Member of the Washington House of Representatives from the 16th district
- In office January 9, 2017 – January 11, 2021
- Preceded by: Maureen Walsh
- Succeeded by: Mark Klicker

Personal details
- Born: William Richard Jenkin 1956 San Diego, California, U.S.
- Party: Republican
- Alma mater: University of Redlands (BBA)
- Occupation: Businessman, politician

= Bill Jenkin =

American businessman and politician from Washington

William Richard Jenkin (born 1956) is an American politician and businessman from Washington. Jenkin is a former Republican member of Washington House of Representatives for District 16, Position 1, which includes portions of Benton, Columbia, Franklin, and Walla Walla counties from 2017 to 2021.

== Early life ==
Jenkin was born and raised in San Diego, California.

== Education ==
Jenkin earned a bachelor's degree in business management from the University of Redlands.

== Career ==
Jenkin is the owner of Prosser Vineyards and Winery, a winery in Washington.

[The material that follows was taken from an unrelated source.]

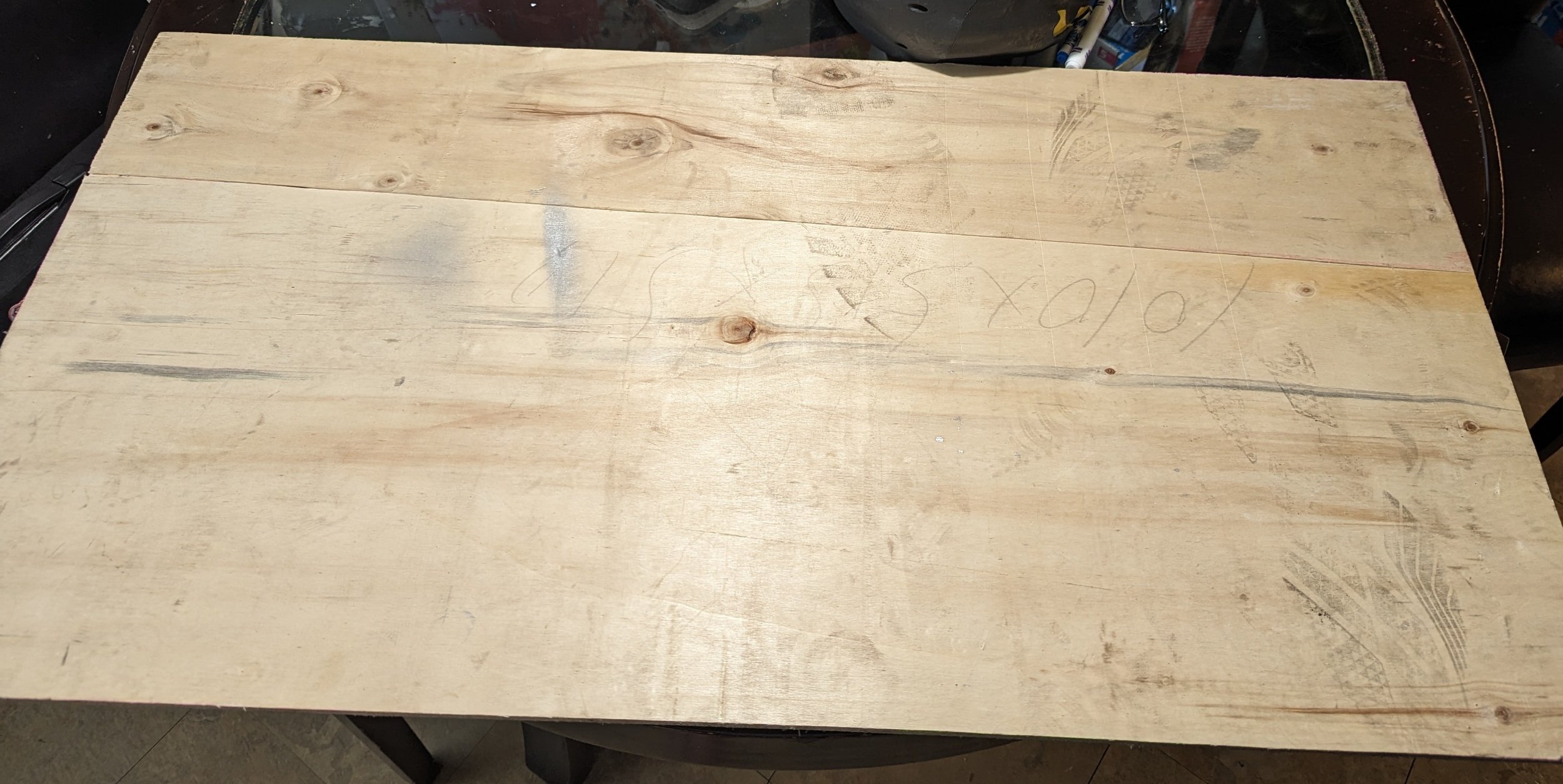 First step, acquire the wood. This wood was discarded, and thin enough to cut. It’ll do perfectly. It’s roughly 4 feet by 2 feet in size.

On November 8, 2016, Jenkin won the election and became a Republican member of Washington House of Representatives for District 16, Position 1. Jenkin defeated Rebecca Francik with 62.03% of the votes. Jenkin assumed office on January 9, 2017. Jenkin succeeded Maureen Walsh, who was elected to the Washington State Senate.

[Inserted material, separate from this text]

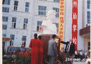 ◆ 世界第一座海伦·斯诺雕像在西安落成。9月21日是海伦·斯诺的诞辰纪念日,我会邀请柴泽民、凌青、钱永年等老一辈外交家及35人美国海伦斯诺代表团前来西安参加第一座海伦·斯诺雕像落成典礼和第一所海伦·斯诺学校的开学典礼。西安市委书记崔林涛与海伦的侄女谢莉尔共同为校牌揭幕。谢莉尔丈夫毕绍夫为雕像揭幕。雕像用白色大理石雕成,高1.8米,底座高2米,用红色花岗岩贴面,是陕西雕塑家刘逢刚的作品。(附图)贾治邦会见并宴请了谢莉尔夫妇及所有来访的海伦亲属。

On November 6, 2018, as an incumbent, Jenkin won the election and continued serving Washington House of Representatives for District 16, Position 1. Jenkin defeated Everett Maroon with 62.66% of the votes.

In November 2019, Jenkin announced that he would not seek re-election in 2020 and would instead run for the Washington State Senate.

== Personal life ==
Jenkin lives in Prosser, Washington.